⟨
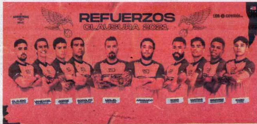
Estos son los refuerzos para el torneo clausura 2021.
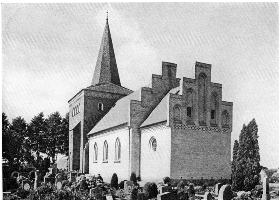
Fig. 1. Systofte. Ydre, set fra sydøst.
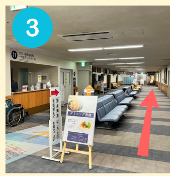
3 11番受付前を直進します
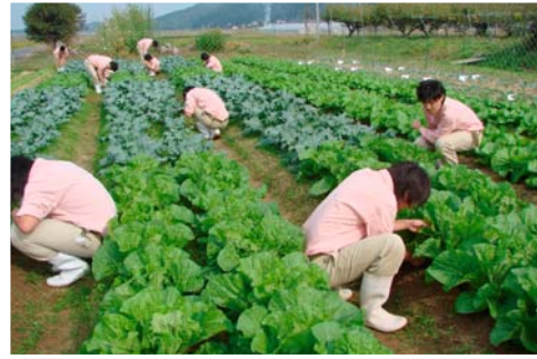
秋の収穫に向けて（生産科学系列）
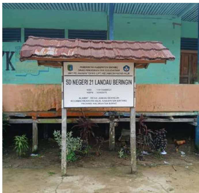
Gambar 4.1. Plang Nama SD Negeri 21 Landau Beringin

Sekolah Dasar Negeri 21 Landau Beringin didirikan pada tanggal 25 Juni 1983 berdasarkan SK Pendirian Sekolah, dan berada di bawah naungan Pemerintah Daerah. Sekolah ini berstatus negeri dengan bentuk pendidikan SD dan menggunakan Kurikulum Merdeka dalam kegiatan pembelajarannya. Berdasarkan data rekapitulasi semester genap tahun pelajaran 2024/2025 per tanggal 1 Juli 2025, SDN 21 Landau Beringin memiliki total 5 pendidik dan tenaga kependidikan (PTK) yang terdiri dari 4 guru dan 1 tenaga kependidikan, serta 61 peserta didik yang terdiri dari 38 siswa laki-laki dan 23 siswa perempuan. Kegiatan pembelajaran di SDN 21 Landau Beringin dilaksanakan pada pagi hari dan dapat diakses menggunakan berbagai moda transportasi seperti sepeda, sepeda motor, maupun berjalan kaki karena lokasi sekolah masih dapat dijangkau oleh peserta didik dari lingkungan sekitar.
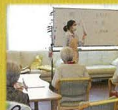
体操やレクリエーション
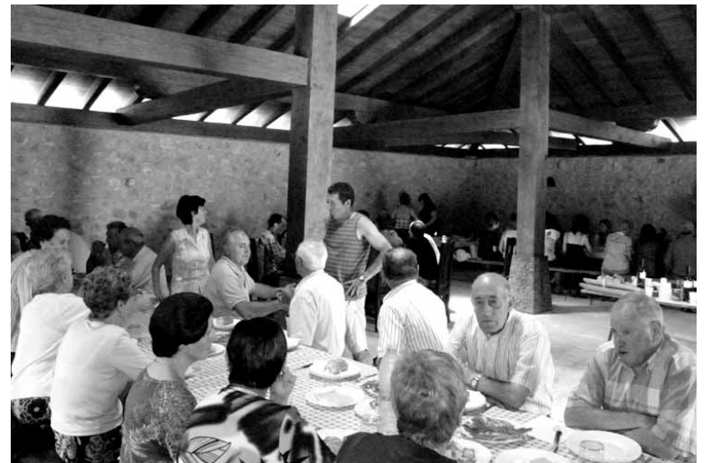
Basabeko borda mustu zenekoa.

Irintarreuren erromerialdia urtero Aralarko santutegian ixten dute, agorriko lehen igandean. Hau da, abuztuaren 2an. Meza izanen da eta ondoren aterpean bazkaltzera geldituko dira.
⟩
⟨
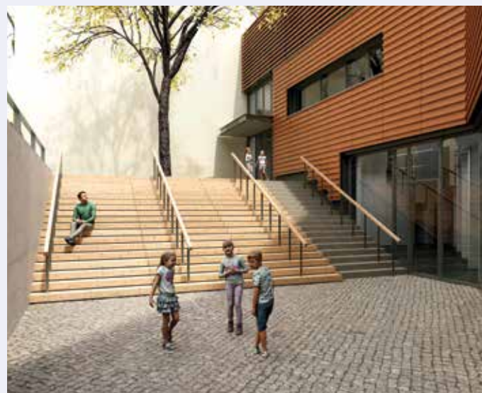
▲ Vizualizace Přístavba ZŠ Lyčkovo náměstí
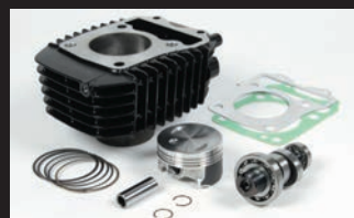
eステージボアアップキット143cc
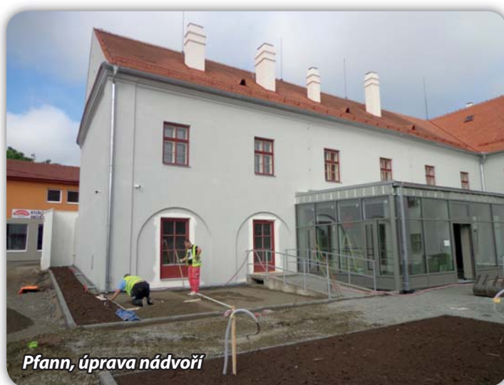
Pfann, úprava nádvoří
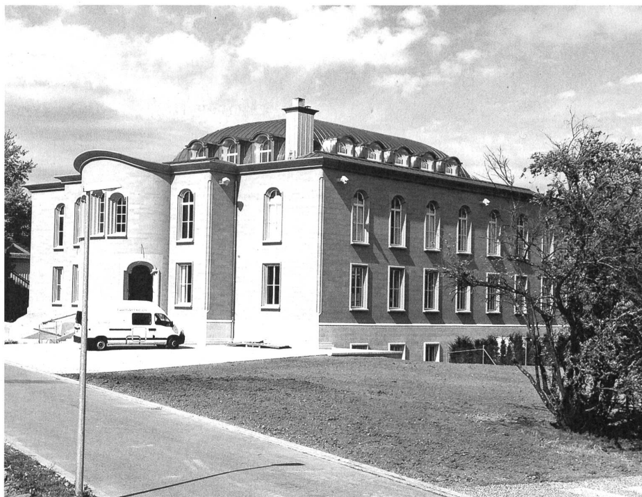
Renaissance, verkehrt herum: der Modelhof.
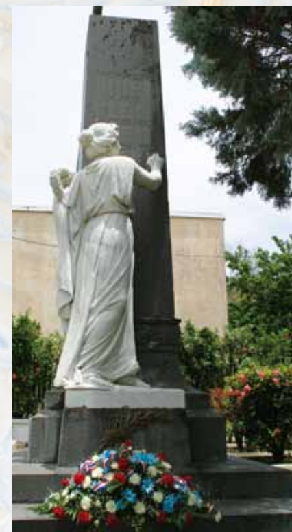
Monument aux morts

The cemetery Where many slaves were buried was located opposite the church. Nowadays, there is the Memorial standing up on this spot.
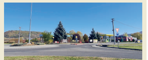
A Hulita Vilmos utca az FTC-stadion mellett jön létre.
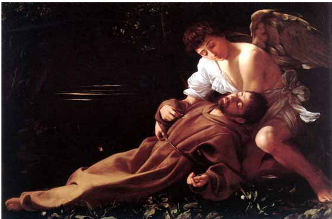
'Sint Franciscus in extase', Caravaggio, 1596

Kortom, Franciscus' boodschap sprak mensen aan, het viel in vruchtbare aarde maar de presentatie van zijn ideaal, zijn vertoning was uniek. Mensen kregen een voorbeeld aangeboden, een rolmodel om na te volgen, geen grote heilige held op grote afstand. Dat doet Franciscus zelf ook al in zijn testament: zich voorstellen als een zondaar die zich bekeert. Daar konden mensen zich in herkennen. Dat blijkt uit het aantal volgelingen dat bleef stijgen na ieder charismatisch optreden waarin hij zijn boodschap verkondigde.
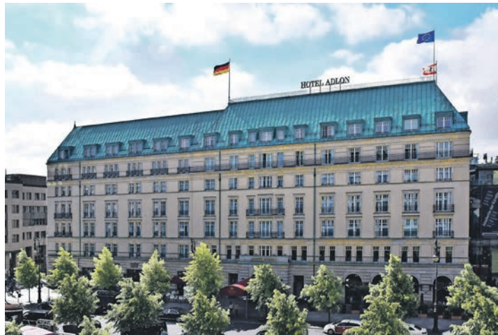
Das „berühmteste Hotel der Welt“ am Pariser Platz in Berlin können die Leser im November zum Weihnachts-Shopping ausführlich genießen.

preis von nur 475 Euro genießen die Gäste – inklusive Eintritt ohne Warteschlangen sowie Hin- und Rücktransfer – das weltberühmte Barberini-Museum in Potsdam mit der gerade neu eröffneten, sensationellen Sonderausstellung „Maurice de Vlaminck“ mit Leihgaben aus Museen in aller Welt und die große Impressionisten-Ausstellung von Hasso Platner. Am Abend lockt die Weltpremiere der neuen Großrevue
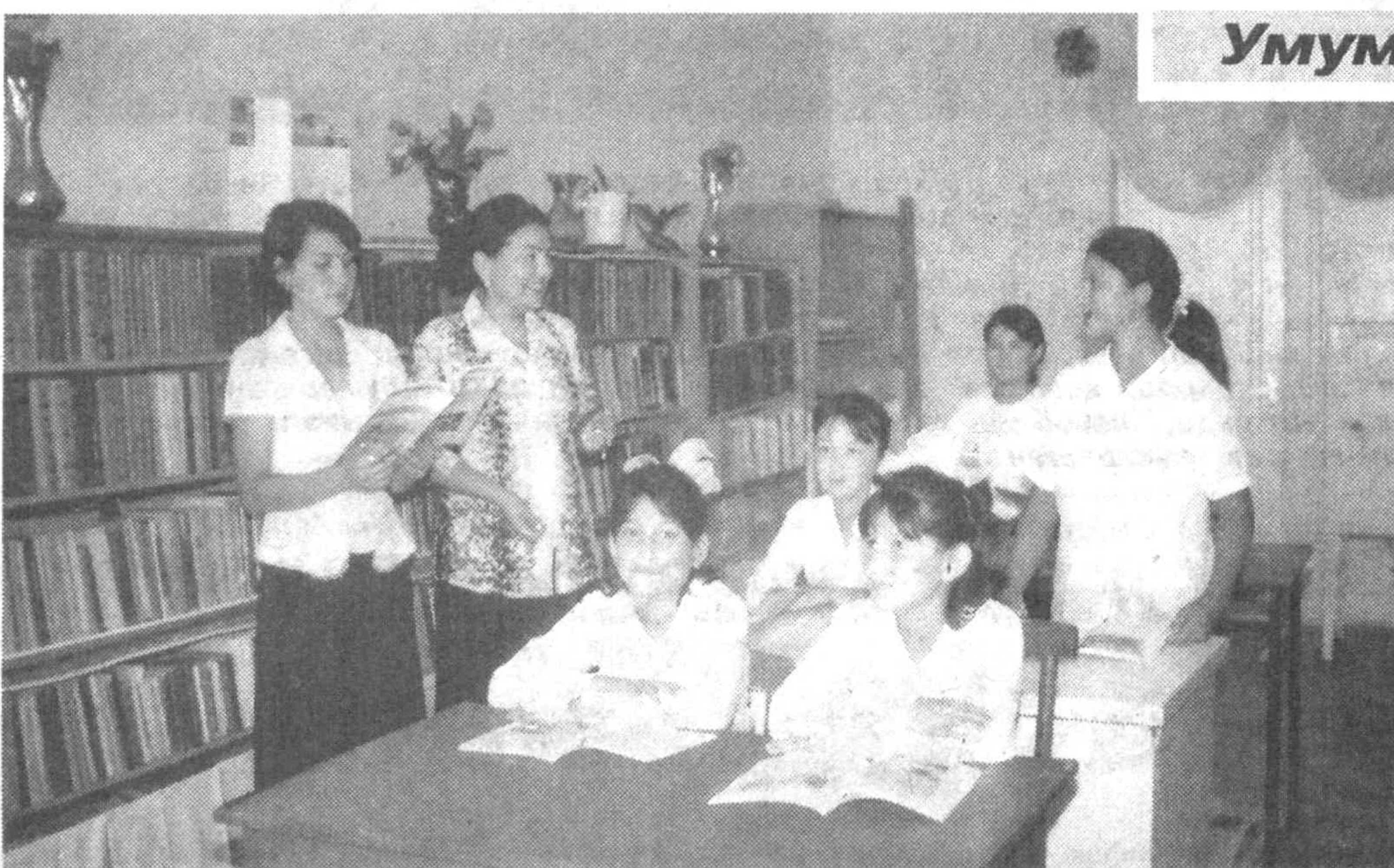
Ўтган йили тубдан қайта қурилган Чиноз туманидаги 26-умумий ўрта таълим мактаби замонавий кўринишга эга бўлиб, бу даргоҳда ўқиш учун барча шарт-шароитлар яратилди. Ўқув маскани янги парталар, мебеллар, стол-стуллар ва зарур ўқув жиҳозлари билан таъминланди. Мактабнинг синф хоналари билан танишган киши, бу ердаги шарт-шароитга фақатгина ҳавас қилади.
⟩
⟨
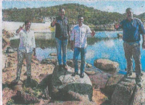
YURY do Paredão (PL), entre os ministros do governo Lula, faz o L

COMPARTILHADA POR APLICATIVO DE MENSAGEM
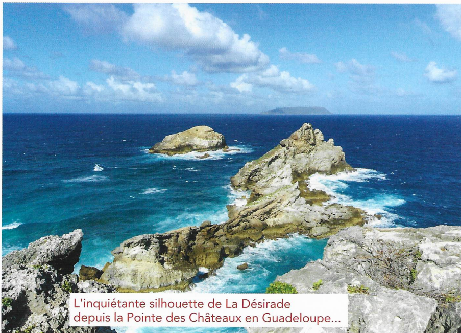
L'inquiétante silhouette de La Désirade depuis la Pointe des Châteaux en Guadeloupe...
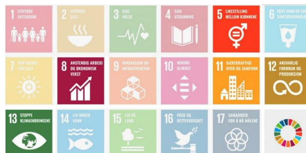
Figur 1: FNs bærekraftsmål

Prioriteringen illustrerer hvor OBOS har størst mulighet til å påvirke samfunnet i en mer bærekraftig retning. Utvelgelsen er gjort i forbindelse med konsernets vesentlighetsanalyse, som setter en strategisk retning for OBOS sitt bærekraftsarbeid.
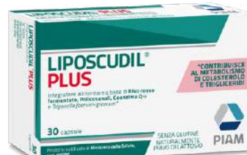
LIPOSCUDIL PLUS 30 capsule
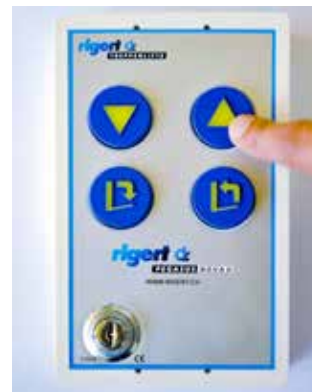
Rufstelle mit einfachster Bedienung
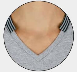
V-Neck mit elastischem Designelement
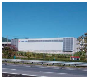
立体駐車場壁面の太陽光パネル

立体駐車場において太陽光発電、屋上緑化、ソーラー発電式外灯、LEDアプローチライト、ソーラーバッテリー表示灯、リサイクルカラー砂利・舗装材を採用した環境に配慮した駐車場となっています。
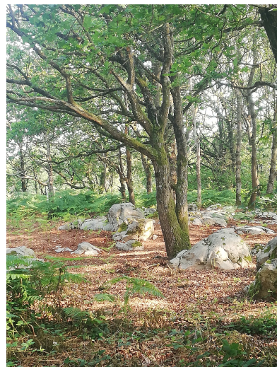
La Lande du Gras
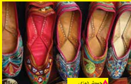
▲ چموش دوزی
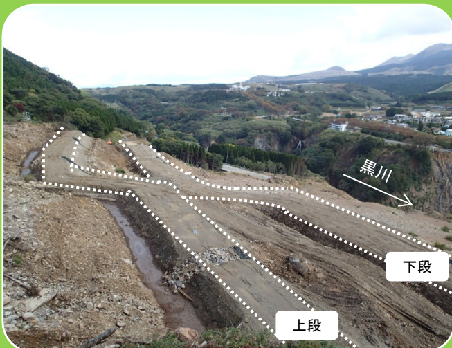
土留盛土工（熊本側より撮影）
⟩
Copy only what lies between the line with "秋の収穫に向けて（生産科学系列）" and the line with "Gambar 4.1. Plang", those two lines included, exactly as given above; pictures stay out.

Response box.
秋の収穫に向けて（生産科学系列）
Gambar 4.1. Plang Nama SD Negeri 21 Landau Beringin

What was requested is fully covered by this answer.